PEDRO LIMA VENCE O MASTER EM GAÍBU.


Venceu agora a pouco a principal categoria do circuito ASMPE, a MASTER, o surfista Pedro Lima, grande competidor das décadas de 80/90 que continua dando show no surf. Muito concentrado Pedrinho recusou até a chamada da organização para falar antes da bateria e ficou isolado enquanto os outros competidores davam entrevista. Pedro Lima que venceu a última seletiva brasileira na Bahia estava inspirado com manobras perfeitas e aproveitando a vala do canal de Gaíbu para detonar seus adversários. Muito feliz ao final da bateria ele parecia não acreditar que conseguiu fechar o ano com duas vitórias importantes. O evento foi muito disputado em todas as categorias e fechou com chave de ouro o ano de 2013 realizando as etapas prometidas e prestando uma grande homenagem ao pioneiro do surf em Pernambuco Fernando Paiva Melo, o MURRINHA que pessoalmente recebeu sua homenagem.Muitos acontecimentos ainda serão narrados na nossa cobertura completa que começa hoje e vai até a terça feira. Cobertura especial que teve o apoio da SeteMilhas


Numa final com atletas de 04 estados, Pedro Dos Santos Lima sabia que tinha de fazer o seu melhor, e foi com manobras como essa que ele venceu a etapa Master de Gaíbu. Usando todo seu conhecimento do pico ele se colocou na vala do canal e fez por duas vezes as notas que precisava usando aquele trilho.Foi o que a gente já tinha mostrado e falado, o fundo de Gaíbu foi um dos melhores do inverno e mesmo no verão funcionou perfeito para competição. Acelera BIAL
 

 

SÁBADO  14 DE DEZEMBRO 2013

MICK FANNING É O REI DO SURF


O australiano Mick Fanning, 32 anos, é o campeão mundial do ASP World Tour 2013. Mas, depois do título confirmado nas quartas de final, quem brilhou foi Kelly Slater, 41, que comandou o espetáculo no mar clássico do sábado de sol, praia lotada e ondas épicas de 10-15 pés para fechar o Billabong Pipe Masters em memória a Andy Irons. Ele ganhou a única nota 10 do dia na semifinal e também surfou tubos incríveis de backside na grande final contra o jovem havaiano John John Florence, 21 anos, para festejar sua sétima vitória no maior palco do esporte.
Mick Fanning confirmou o tricampeonato antes de Slater ganhar o Pipe Masters (Foto: Kelly Cestari / ASP)
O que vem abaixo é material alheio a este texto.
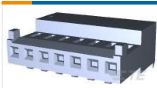
TE Part #3-643813-7 07P MTA100 CONN ASSY POL RIB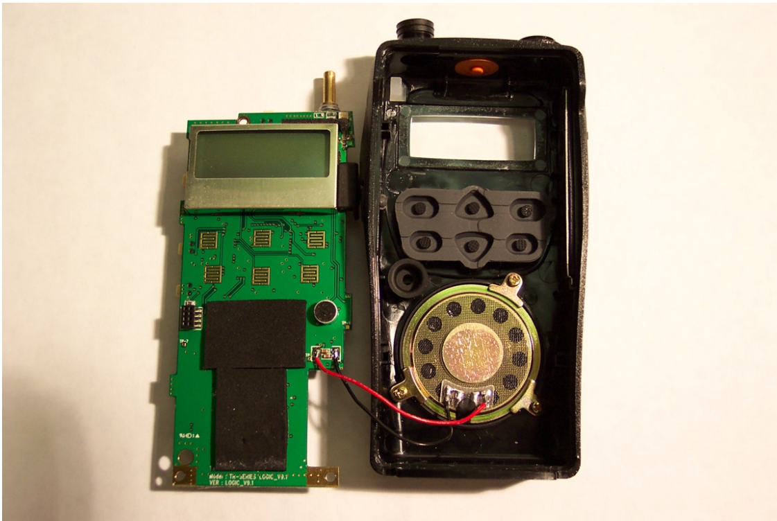
EXHIBIT: SPX-200 Control PCB connected to front case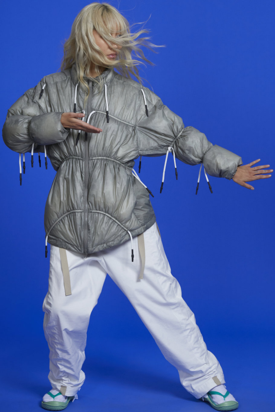
PLUME PUFFER JACKET (CLAY GREY)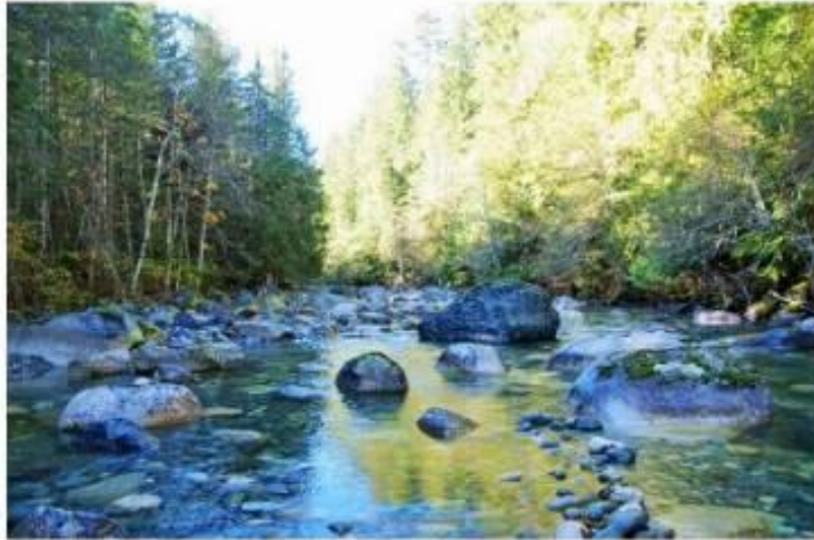
Reach E8 US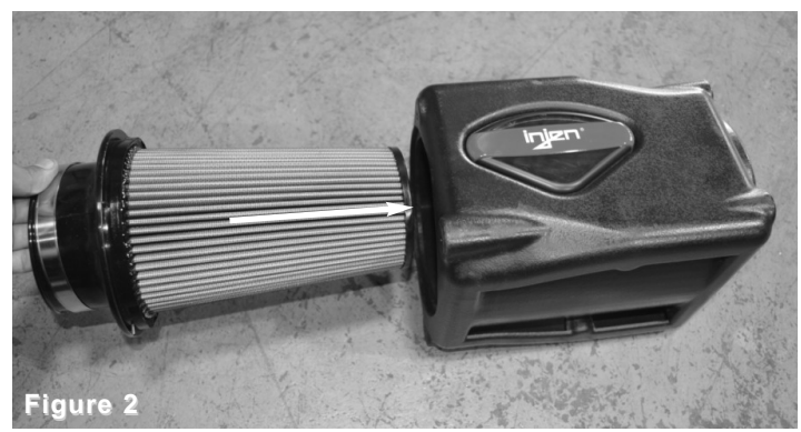
Install the provided Twist lock filter into the PowerFlow box.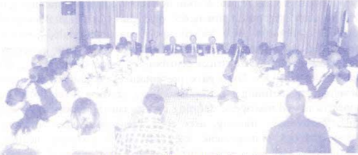
The intimate workshop setting was conducive to lively interaction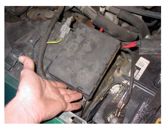
16. Open fuse box.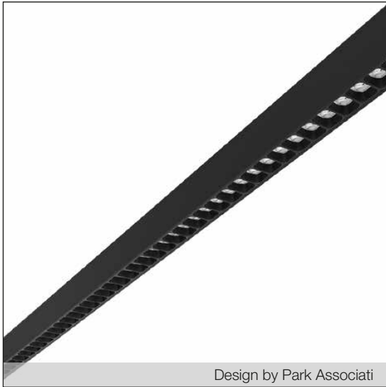
Design by Park Associati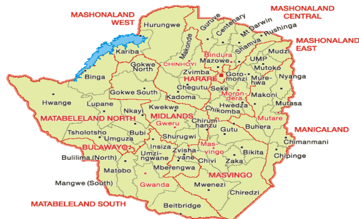
Figure 1: Map of Zimbabwe showing Provinces and Districts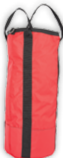
PCA-1257 Large Cap.: rope 12 mm x 150 m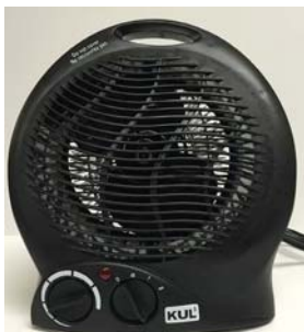
KUL Fan Heater

To report a dangerous product or a product-related injury go online to www.SaferProducts.gov or call CPSC's Hotline at 800-638-2772 or teletypewriter at 301-595-7054 for the hearing impaired. Consumers can obtain news release and recall information at www.cpsc.gov , on Twitter @USCPSC or by subscribing to CPSC's free e-mail newsletters .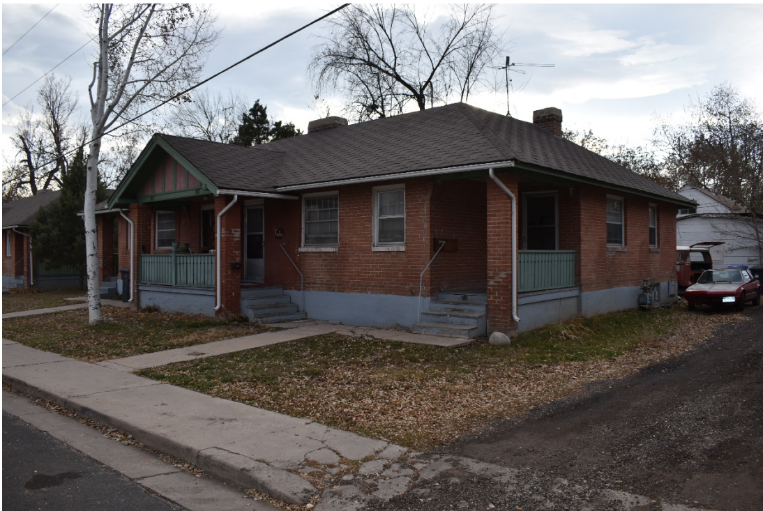
CD 1, Image 157, View to Southwest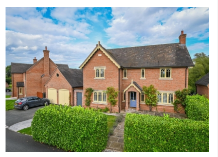
Fitzallen House, 3 Cound Park Drive, Cound, Shrewsbury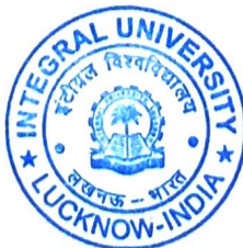
Director Admissions & Academics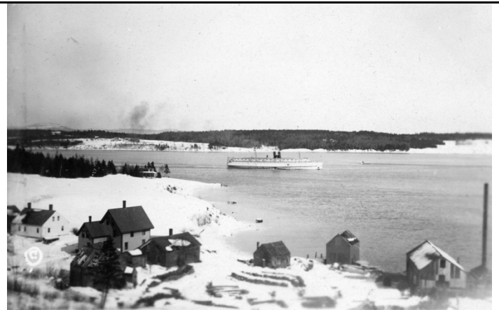
Steamer Belfast at Sandy Point

Mick Fanning confirmou o tricampeonato antes de Slater ganhar o Pipe Masters (Foto: Kirstin Scholtz/ASP)

Esse era o único resultado que Slater precisava para conseguir o 12.o título mundial, mas Fanning também atingiu seu objetivo que era vencer duas baterias para alcançar imbatíveis 34.400 pontos no ranking e entrar no seleto grupo de tricampeões mundiais no ASP Tour. E as duas vitórias foram dramáticas, só conquistadas no final das baterias totalmente lideradas pelos seus dois primeiros adversários nas grandes ondas do sábado em Pipeline.

“Eu nunca imaginei em fazer parte de uma lista com nomes como Tom Curren e Andy Irons”, disse Mick Fanning. “O Tom (Curren) é como um enigma e foi fundamental para injetar estilo no nosso esporte. E o Andy (Irons) … o que dizer sobre o Andy! Ele era uma lenda e um bom amigo. Sinto-me honrado e feliz por fazer parte deste grupo”.

No primeiro duelo do dia, o mar estava difícil ainda, com as ondas fechando e o norte-americano C. J. Hobgood liderou com duas notas médias. Mick Fanning caiu no drop em todas as tentativas e só conseguiu surfar seu primeiro tubo quando faltavam menos de 2 minutos para o término. Só que foi um tubaço incrível que valeu nota 9,5 e a virada no placar para 12,00 a 10,50 pontos, somando 2,5 da sua segunda maior nota na bateria.

“Não foi fácil”, suspirou aliviado, Mick Fanning. “Se você quer ganhar um título mundial , você tem que arriscar tudo. Eu fiquei atrás por 28 minutos da bateria, até entrar a joia do dia. Eu ouvi todos assobiando na praia e sabia que ia ser uma boa. Ela já entrou rodando no segundo reef e eu estava no lugar certo pra pegar o tubo. Foi um momento mágico pra mim”.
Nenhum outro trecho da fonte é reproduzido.